Directions>
Your reply should hold every entry below exactly as written and none of the pictures.

Collection entries:

####################

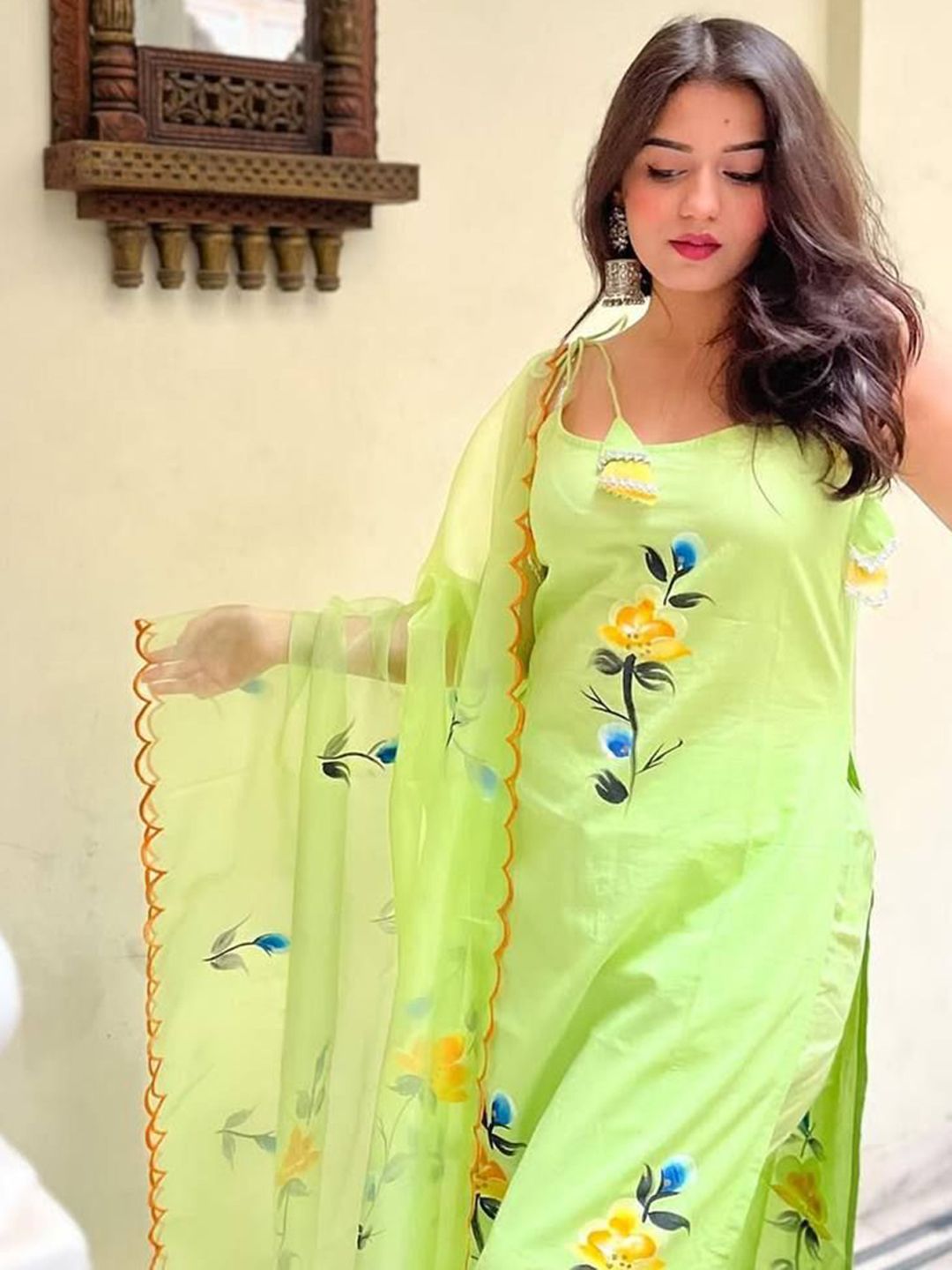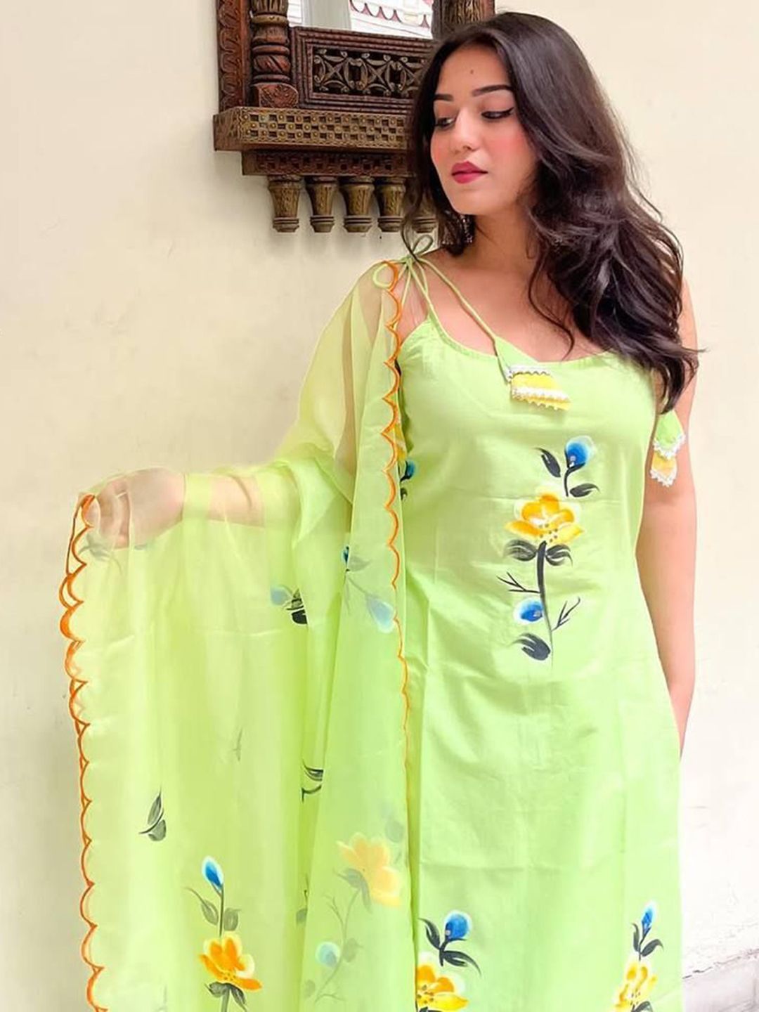 Moda Rapido Women Floral Printed Shoulder Straps Kurta with Trousers & Dupatta
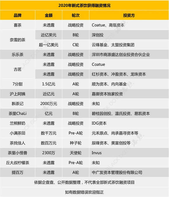 据公开资料显示,2020年针对茶饮品牌的融资共18起,据已披露的数据显示,截止年底已有50亿人民币进入新式茶饮赛道。
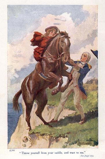 Hitherto Lady Sophy and her friends at the castle, had not paid their promised visit to the fisherman’s cottage. At length, however, one evening just as Dermot and his mother had landed, they heard voices on the downs above their hut, and looking up Dermot espied the party from the castle. They were standing irresolute what path to take. He instantly climbed up the cliff by a pathway which speedily placed him by their side. He begged them to dismount, and undertook to conduct Lady Sophy and the little girl, whom he heard addressed as Lady Nora, down to the hut.
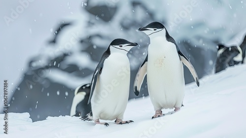 © Ariep, Fototapeta premium Two Chinstrap Penguins Stand in Snowy Landscape
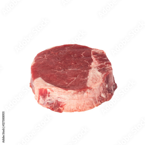 beef tenderloin steak, raw meat, cutout.
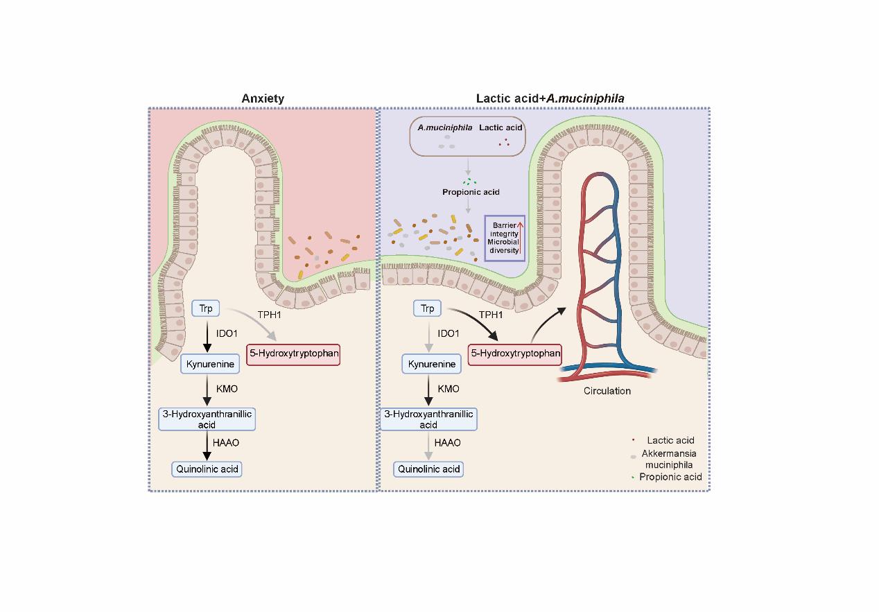 本研究从肠道微生物与代谢物的协同作用角度,揭示了乳酸与A. muciniphila通过调节色氨酸代谢路径促进5-HT合成,从而缓解焦虑的重要机制,打开了通过肠道微生物改善情绪健康的大门。
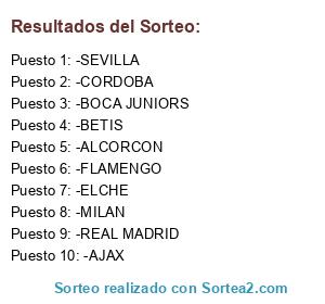 Lista de participantes: -SEVILLA, -FLAMENGO, -BETIS, -REAL MADRID, -ALCORCON, -AJAX, -CORDOBA, -ELCHE, -BOCA JUNIORS, -MILAN.
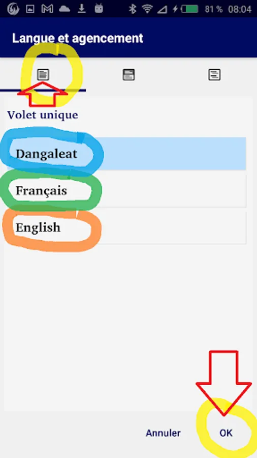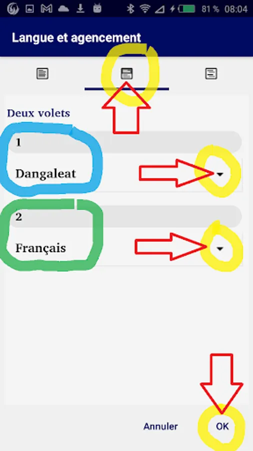 - «deux volets» pour afficher le Dangaléat en haut et parallèlement la version française ou anglaise en bas
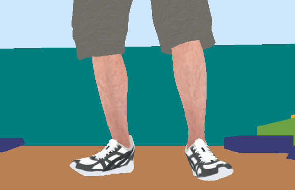 발목 각도에도 문제가 있다. 발목이 최대한 하늘 방향인 world의 +y방향을 보게 만들려했는데, 실제 구현은 발목의 local 좌표계를 기준으로 구현하였다. 따라서 local 좌표계 기준의 +y를 바라보고 있다. 대부분 local의 +y와 world의 +y가 비슷하기에 문제가 없어 보이기도 하지만 발을 기울인 경우 +y가 살짝 비스듬히 기울어 다음과 같이 발목이 하늘을 보지 않는 경우가 발생한다.

####################

Output of the exercise>
 Moda Rapido Women Floral Printed Shoulder Straps Kurta with Trousers & Dupatta
 据公开资料显示,2020年针对茶饮品牌的融资共18起,据已披露的数据显示,截止年底已有50亿人民币进入新式茶饮赛道。
 Hitherto Lady Sophy and her friends at the castle, had not paid their promised visit to the fisherman’s cottage. At length, however, one evening just as Dermot and his mother had landed, they heard voices on the downs above their hut, and looking up Dermot espied the party from the castle. They were standing irresolute what path to take. He instantly climbed up the cliff by a pathway which speedily placed him by their side. He begged them to dismount, and undertook to conduct Lady Sophy and the little girl, whom he heard addressed as Lady Nora, down to the hut.
 © Ariep, Fototapeta premium Two Chinstrap Penguins Stand in Snowy Landscape
 beef tenderloin steak, raw meat, cutout.
 本研究从肠道微生物与代谢物的协同作用角度,揭示了乳酸与A. muciniphila通过调节色氨酸代谢路径促进5-HT合成,从而缓解焦虑的重要机制,打开了通过肠道微生物改善情绪健康的大门。
 Lista de participantes: -SEVILLA, -FLAMENGO, -BETIS, -REAL MADRID, -ALCORCON, -AJAX, -CORDOBA, -ELCHE, -BOCA JUNIORS, -MILAN.
 - «deux volets» pour afficher le Dangaléat en haut et parallèlement la version française ou anglaise en bas
 발목 각도에도 문제가 있다. 발목이 최대한 하늘 방향인 world의 +y방향을 보게 만들려했는데, 실제 구현은 발목의 local 좌표계를 기준으로 구현하였다. 따라서 local 좌표계 기준의 +y를 바라보고 있다. 대부분 local의 +y와 world의 +y가 비슷하기에 문제가 없어 보이기도 하지만 발을 기울인 경우 +y가 살짝 비스듬히 기울어 다음과 같이 발목이 하늘을 보지 않는 경우가 발생한다.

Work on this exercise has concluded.